Exercise requirements: Once you find the line with "Organizador Esquinero 2.60mts" in the data below, transcribe exactly each line from there to the line with "吃完粽子,執(zhí)法員們", inclusive, and nothing else. Drop the pictures.

Information given:

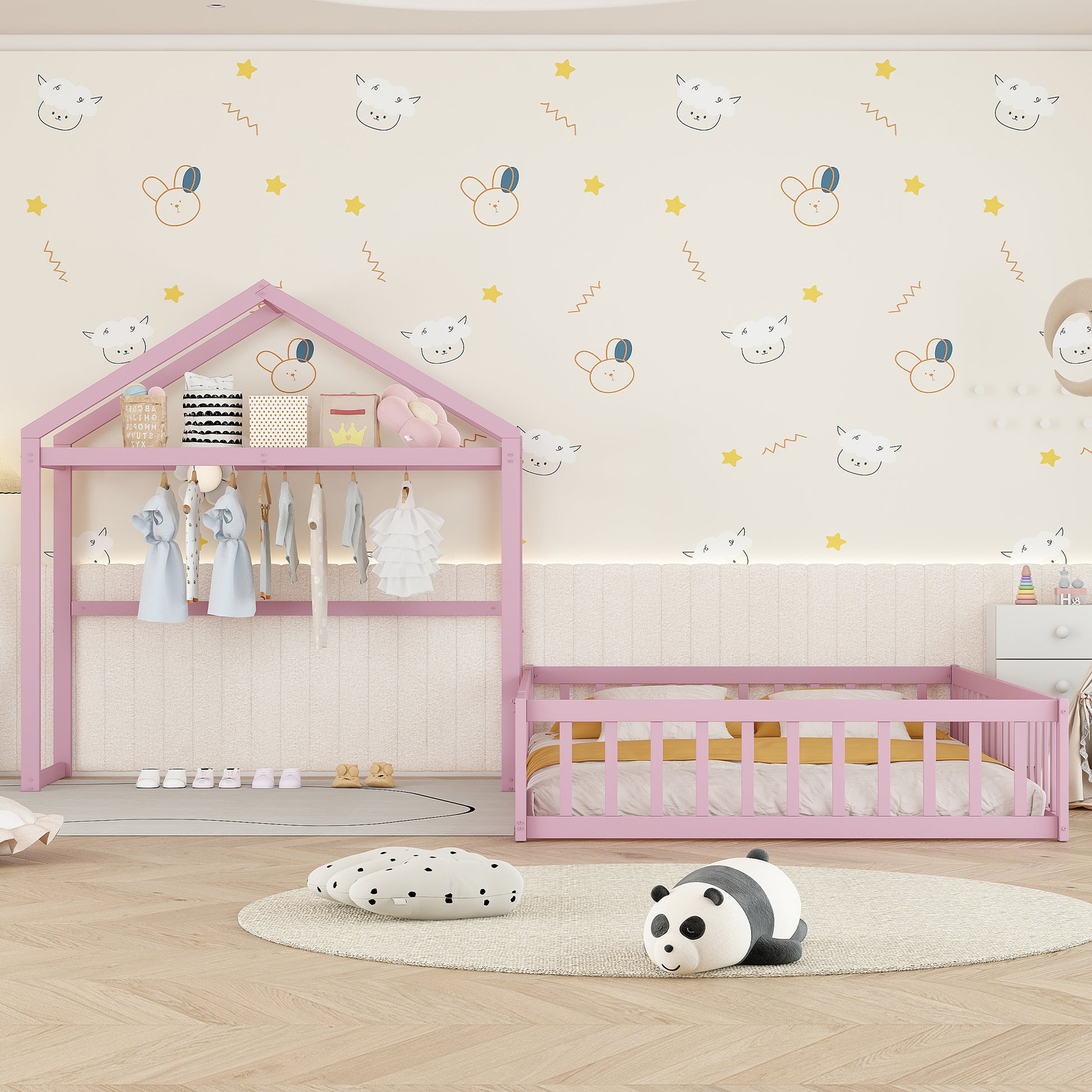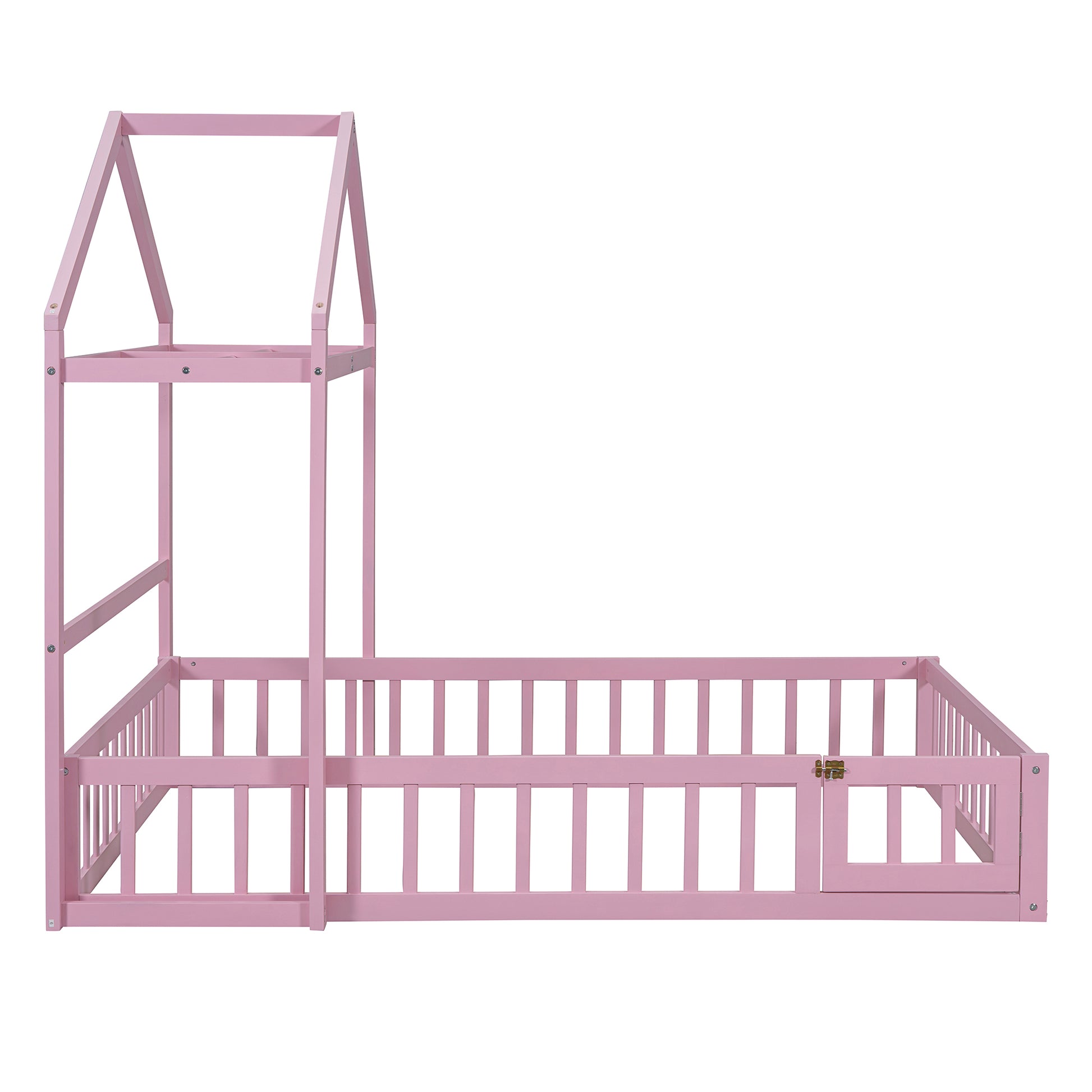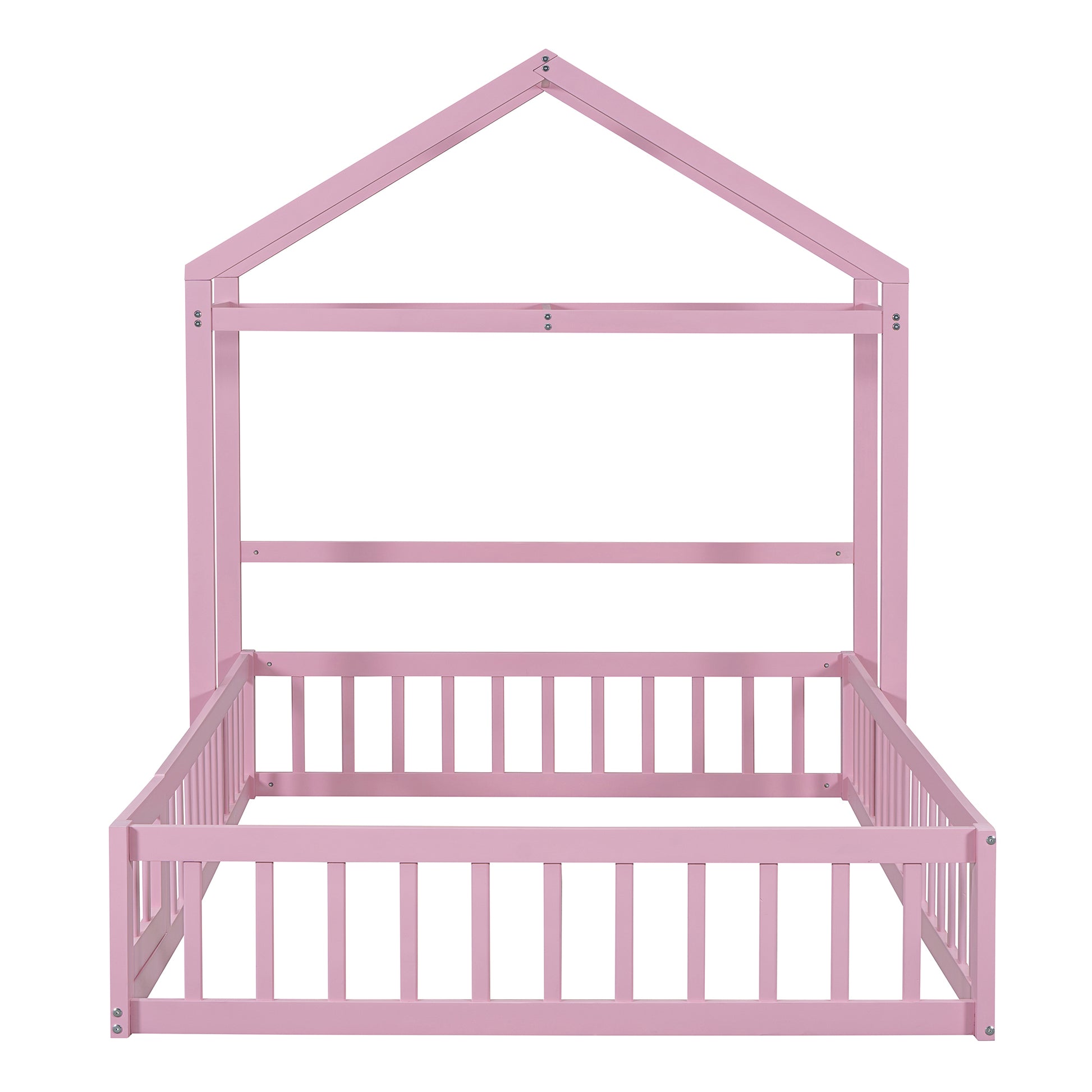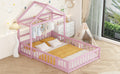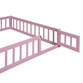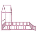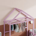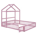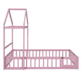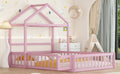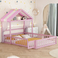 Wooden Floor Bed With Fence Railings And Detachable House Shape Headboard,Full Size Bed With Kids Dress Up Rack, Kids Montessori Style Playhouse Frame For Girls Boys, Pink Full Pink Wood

...

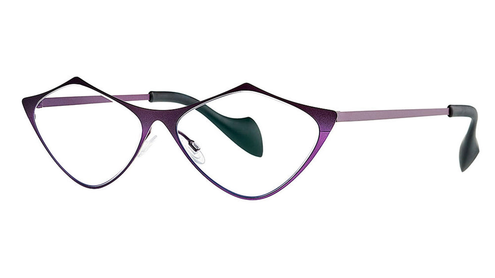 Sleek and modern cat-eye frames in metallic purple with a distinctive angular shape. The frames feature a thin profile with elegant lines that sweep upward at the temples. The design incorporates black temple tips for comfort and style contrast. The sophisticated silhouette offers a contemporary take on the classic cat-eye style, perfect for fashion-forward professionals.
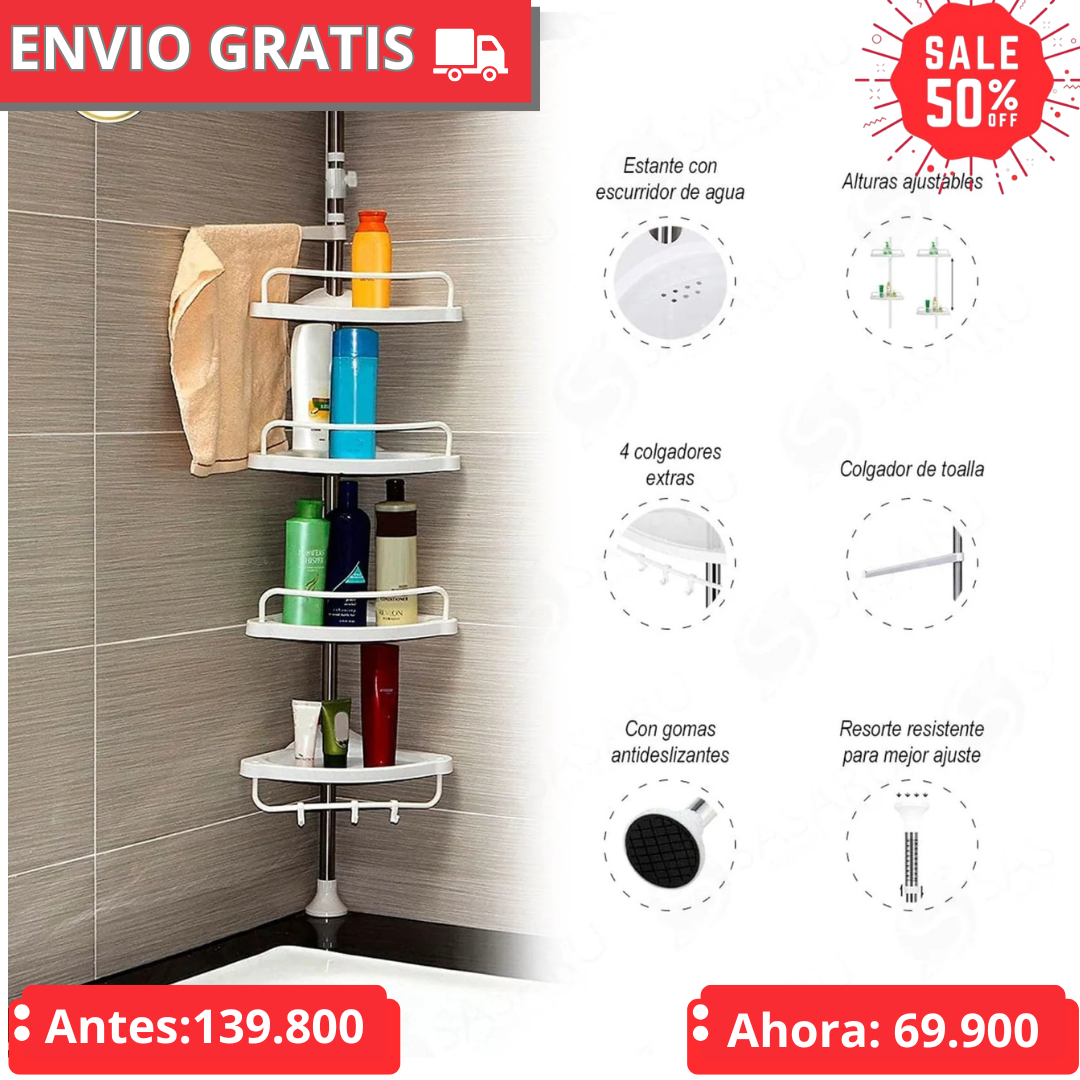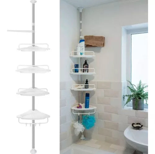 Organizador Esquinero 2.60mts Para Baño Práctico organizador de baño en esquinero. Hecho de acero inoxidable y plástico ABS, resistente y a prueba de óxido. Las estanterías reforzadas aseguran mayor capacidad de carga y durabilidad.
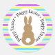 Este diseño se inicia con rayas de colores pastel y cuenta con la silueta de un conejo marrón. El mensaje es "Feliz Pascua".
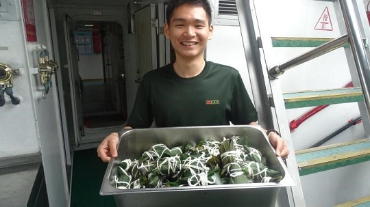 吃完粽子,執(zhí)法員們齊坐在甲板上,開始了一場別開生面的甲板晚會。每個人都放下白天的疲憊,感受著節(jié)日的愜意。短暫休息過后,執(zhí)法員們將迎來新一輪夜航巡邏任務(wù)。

Written answer:
 Organizador Esquinero 2.60mts Para Baño Práctico organizador de baño en esquinero. Hecho de acero inoxidable y plástico ABS, resistente y a prueba de óxido. Las estanterías reforzadas aseguran mayor capacidad de carga y durabilidad.
 Este diseño se inicia con rayas de colores pastel y cuenta con la silueta de un conejo marrón. El mensaje es "Feliz Pascua".
 吃完粽子,執(zhí)法員們齊坐在甲板上,開始了一場別開生面的甲板晚會。每個人都放下白天的疲憊,感受著節(jié)日的愜意。短暫休息過后,執(zhí)法員們將迎來新一輪夜航巡邏任務(wù)。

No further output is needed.